Gherkin Anti-Patterns

Too many steps / too low level:

# Bad — describes implementation not behaviour
When I click the email field
And I type "alice@example.com"
And I press Tab
And I click the password field
And I type "Secure123!"
And I click the button with ID "login-submit"

# Good — describes intent
When I log in as "alice@example.com" with password "Secure123!"

Imperative instead of declarative:

  • Imperative: how the user interacts ("click button X", "enter text in field Y")
  • Declarative: what the user wants to accomplish ("log in as alice")

Declarative scenarios survive UI refactors; imperative ones break with every design change.

Shared state between scenarios: Each scenario must be independent. Use Background only for setup that every scenario genuinely needs. Don't rely on scenario order.


Frameworks

LanguageFrameworkGherkin runner
Pythonpytest-bdd
Pythonbehave
JavaScriptCucumber.js
JavaScriptPlaywright Test (has BDD plugin)via plugin
JavaCucumber-JUnit 5
JavaJBehave
C#SpecFlow
RubyRSpec + Cucumber

BDD in the Development Workflow

  1. Discovery — Three Amigos session; write scenarios before coding
  2. Formulation — refine scenarios into Gherkin (precise language matters)
  3. Automation — step definitions link Gherkin to implementation
  4. Execution — run in CI on every PR; failing scenario = failing acceptance criterion

Scenarios should run in CI. A failing scenario is equivalent to a failing unit test. The PR cannot merge until the feature matches its acceptance criteria.


Common Failure Cases

Scenarios written imperatively at UI interaction level Why: steps that describe clicking and typing rather than user intent break every time the UI is restyled, and they communicate nothing about the business rule being tested. Detect: step definitions contain locators or UI element names (click the button with ID "submit-btn"); scenarios need updating after visual redesigns. Fix: rewrite steps at the intent level (When I submit the order); push all locator knowledge into step definitions and Page Objects.

Step definitions that grow into test logic dungeons Why: without a clear boundary, business rules accumulate inside step definitions rather than being delegated to helper classes, making them impossible to reuse across scenarios. Detect: a single @when or @then function exceeds 30 lines or contains conditionals that branch on the scenario's data. Fix: step definitions should call domain helper functions; keep each step to under 10 lines of coordination code.

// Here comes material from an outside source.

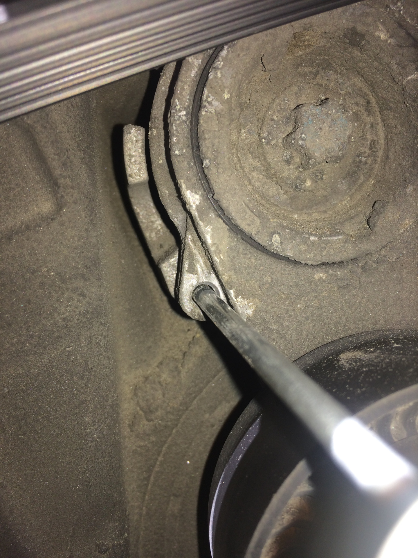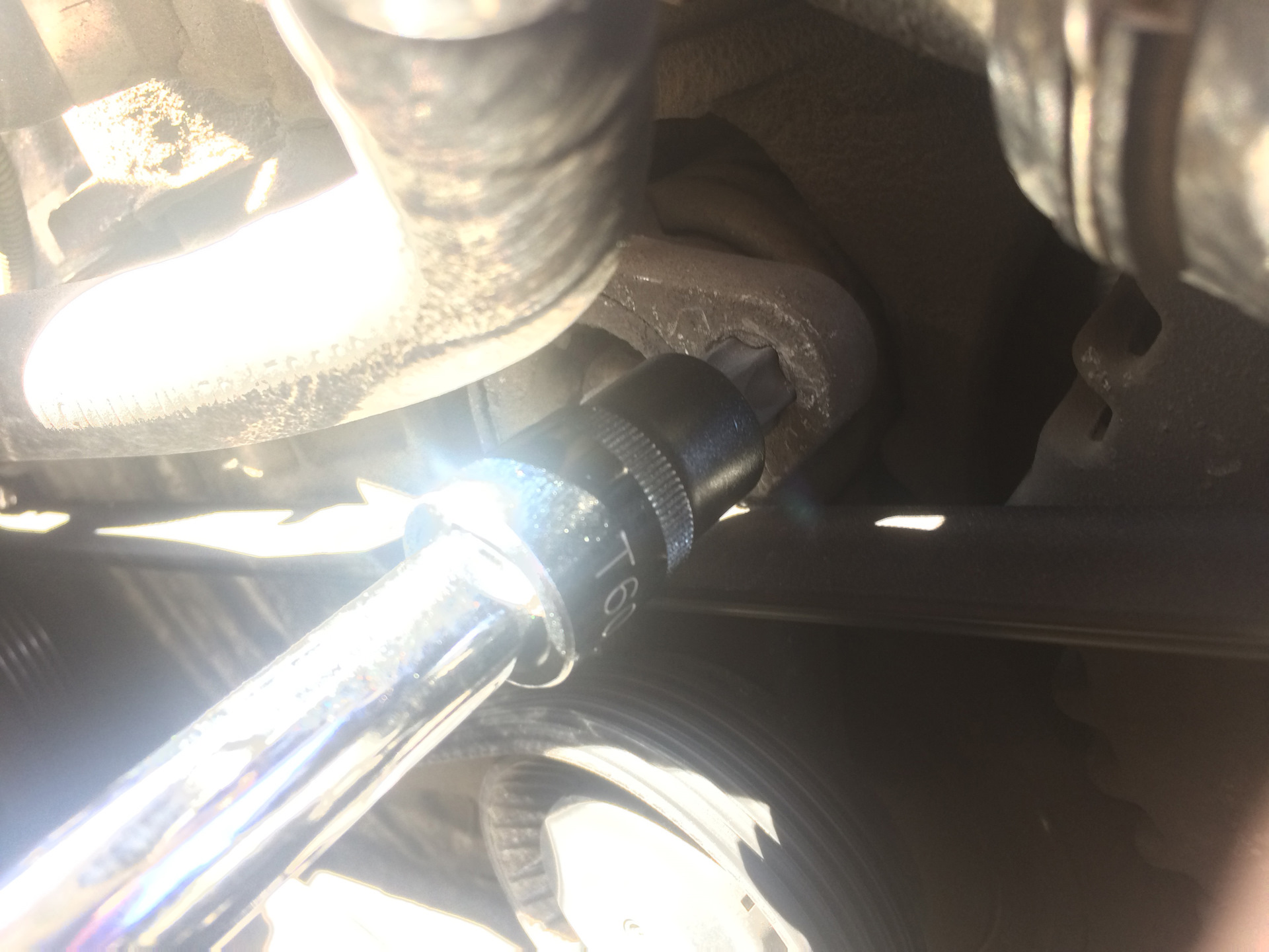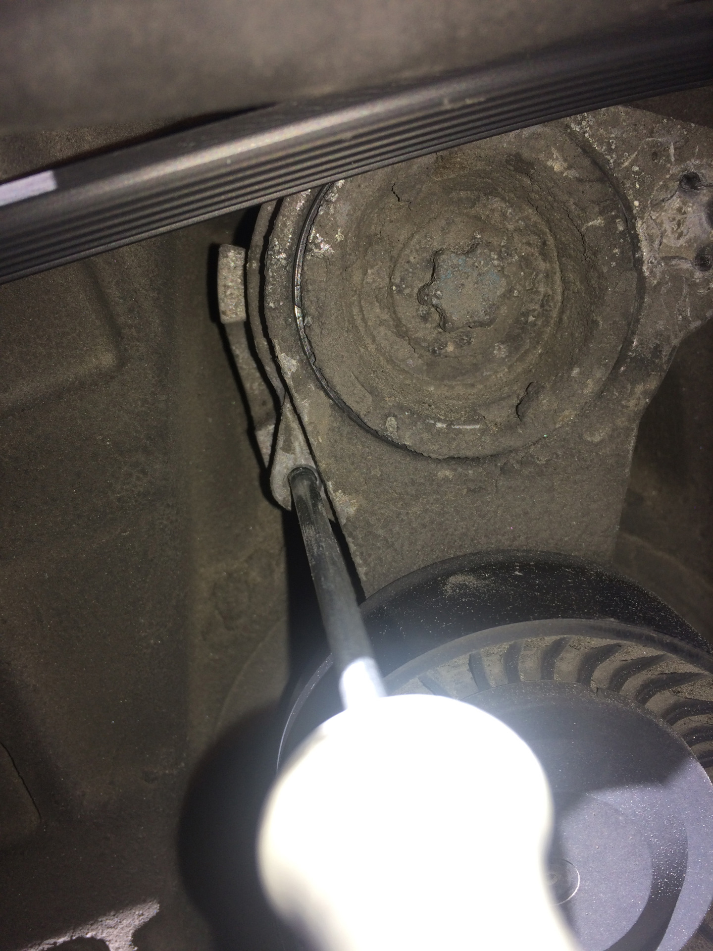 Скидываем приводной ремень с ролика натяжителя. Для этого берем биту Торкс 60, вставляем ее в ролик натяжителя и поворачиваем ПО часовой стрелке.

Scenarios with shared state via Background that every scenario doesn't actually need Why: a Background block that seeds data for one scenario's happy path makes all other scenarios depend on state they don't need, introducing invisible coupling that causes random failures under parallel execution. Detect: removing a Background step causes an apparently unrelated scenario to fail. Fix: put shared setup only in Background if it genuinely applies to every scenario; use per-scenario fixtures for state that's specific to one or two cases.

Writing Gherkin without a Three Amigos session Why: scenarios authored by QA alone capture QA's assumptions, not the product owner's intent or the developer's technical constraints; ambiguities survive until the step definition is written and the bug is already in the code. Detect: step definitions require significant interpretation beyond the scenario text, or developers reject scenarios as misrepresenting requirements during review. Fix: treat scenario authoring as a synchronous Three Amigos conversation, not an async handoff document.

Connections

Open Questions

  • What testing scenarios does this technique systematically miss?
  • How does this approach need to change when delivery cadence moves to continuous deployment?